Грудь до самого пояса была вся в толстых бусах, в монетах, в раковинах. Бусы переливчато бренчали, тоже говорили.

Народ стоял кружком и молчал.

Старуха кинула в огонь ладану, и сладкий дым понесло ветром вбок, где за мысом синело яркой синью Средиземное море.

Старухе подали нож. Она ловко отхватила петуху голову и бросила ее в огонь.

Все отошли: теперь начиналось самое главное.

Петуха общипывала старуха и проворно работала черными костлявыми пальцами и пускала перья по ветру.

Теперь все смотрели, куда полетят петушьи перья. Перья летели по ветру: они летели к мысу, летели к Средиземному морю.

Значит, удача.

И шейх дал приказ фюстам выйти в море.

Полетели бы перья в аул – сарацины остались бы в бухте.

Арабы бросились к фелюгам.

А женщины остались со старухой у костра, и она еще долго бурливо гремела бусами и бормотала нараспев старинные заклинания.

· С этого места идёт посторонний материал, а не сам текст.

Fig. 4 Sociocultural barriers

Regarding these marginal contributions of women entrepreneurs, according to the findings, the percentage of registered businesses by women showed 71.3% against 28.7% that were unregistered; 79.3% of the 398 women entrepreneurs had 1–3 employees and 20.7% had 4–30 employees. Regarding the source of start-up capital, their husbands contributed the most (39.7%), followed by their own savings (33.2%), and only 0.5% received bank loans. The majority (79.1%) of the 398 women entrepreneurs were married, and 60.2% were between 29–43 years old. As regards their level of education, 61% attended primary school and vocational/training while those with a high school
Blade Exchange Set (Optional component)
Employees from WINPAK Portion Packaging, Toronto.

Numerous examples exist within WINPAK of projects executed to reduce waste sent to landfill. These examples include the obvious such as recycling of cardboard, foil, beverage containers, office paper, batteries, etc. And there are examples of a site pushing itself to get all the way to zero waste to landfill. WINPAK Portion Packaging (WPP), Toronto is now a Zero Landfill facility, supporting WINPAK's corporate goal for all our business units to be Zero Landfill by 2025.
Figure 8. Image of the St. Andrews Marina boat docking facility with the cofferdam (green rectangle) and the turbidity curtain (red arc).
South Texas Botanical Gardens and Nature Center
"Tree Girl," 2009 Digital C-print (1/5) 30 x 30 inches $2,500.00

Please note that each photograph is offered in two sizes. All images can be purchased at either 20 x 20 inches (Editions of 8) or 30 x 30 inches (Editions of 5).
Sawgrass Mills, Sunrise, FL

Две фюсты первые вырвались в море.

Они пошли в разведку с темными парусами на мачтах.

 

Их скоро не стало видно: они как растворились в воздухе.

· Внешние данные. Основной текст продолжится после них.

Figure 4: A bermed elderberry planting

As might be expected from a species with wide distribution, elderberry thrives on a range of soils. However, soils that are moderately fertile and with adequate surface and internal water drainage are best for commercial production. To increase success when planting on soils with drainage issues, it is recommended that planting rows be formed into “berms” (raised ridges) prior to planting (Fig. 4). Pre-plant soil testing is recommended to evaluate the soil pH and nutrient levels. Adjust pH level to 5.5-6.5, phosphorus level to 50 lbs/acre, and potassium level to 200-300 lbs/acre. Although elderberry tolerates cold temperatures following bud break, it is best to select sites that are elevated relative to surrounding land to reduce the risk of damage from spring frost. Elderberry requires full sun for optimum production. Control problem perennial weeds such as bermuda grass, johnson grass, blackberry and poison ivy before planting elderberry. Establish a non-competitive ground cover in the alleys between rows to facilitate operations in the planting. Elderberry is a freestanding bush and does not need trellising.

Бригантины на веслах выгребались из залива.

Грицко влез на пригорок и следил за сарацинскими судами и европейским парусом.

Парус шел прямо к бухте – спокойно и смело.

29. Славянский неф

Грицков турок нашел своего товарища. Он тянул Грицка вниз на берег и что-то серьезно и тревожно говорил. Все повторяли одно, но казак ничего не понимал. Однако пошел за турком – он ему верил: крепко каторжное слово.

Это сарацины собрали всех христиан в кружок, чтобы все на глазах были, чтоб не давали своим сигналов. Пересчитали и хватились Грицка.

Христиане сидели в кружке на берегу, а вокруг стояли сарацины с копьями. Турок привел казака и сам остался в кружке. Грицко осмотрелся – вся шиурма была тут: мусульмане-галерники не хотели покидать товарищей. Они сидели впереди и коротко переругивались со стражей.

Но вот все поднялись, засуетились.

В бухту вернулась бригантина. Она вошла и отдала якорь на своем месте. Скоро весь сарацинский флот был в бухте.

Неужели отступили, спрятались в бухту от одного корабля?

Но вот в проходе появился высокий корабль. Он тяжело, устало входил в бухту под одним парусом. Осторожно пробирался в чужом месте далекий путник.

Стража разошлась. Галерники разбрелись. Казак не понимал, что случилось. Решил, что христиане сдались без боя.

Дюжина фелюг обступила корабль. Все старались пробиться к борту.

Турок, увязая ногами в песке, бежал к Грицку и что-то кричал. Он улыбался всеми зубами, кричал изо всей силы Грицку в ухо раздельно, чтоб понял казак. И все смеялся, весело, радостно. Наконец шлепнул Грицка по спине и крикнул:

– Якши, якши, урус, чек якши!

И потащил его за руку бегом к каику.

Узкий каик уже отчаливал от берега, гребцы, засучив шаровары, проводили каик на глубокое место. Их обдавало по грудь зыбью, каик вырывался, но люди смеялись и весело кричали.

На крик турка они оглянулись. Остановились. Закивали головами.

Турок пихал Грицка в воду, торопливо толкал, показывая на каик. Грицко пошел в воду, но оглянулся на турка. Турок, высоко поднимая ноги, догнал Грицка и потащил дальше. Смеялся, скалил зубы.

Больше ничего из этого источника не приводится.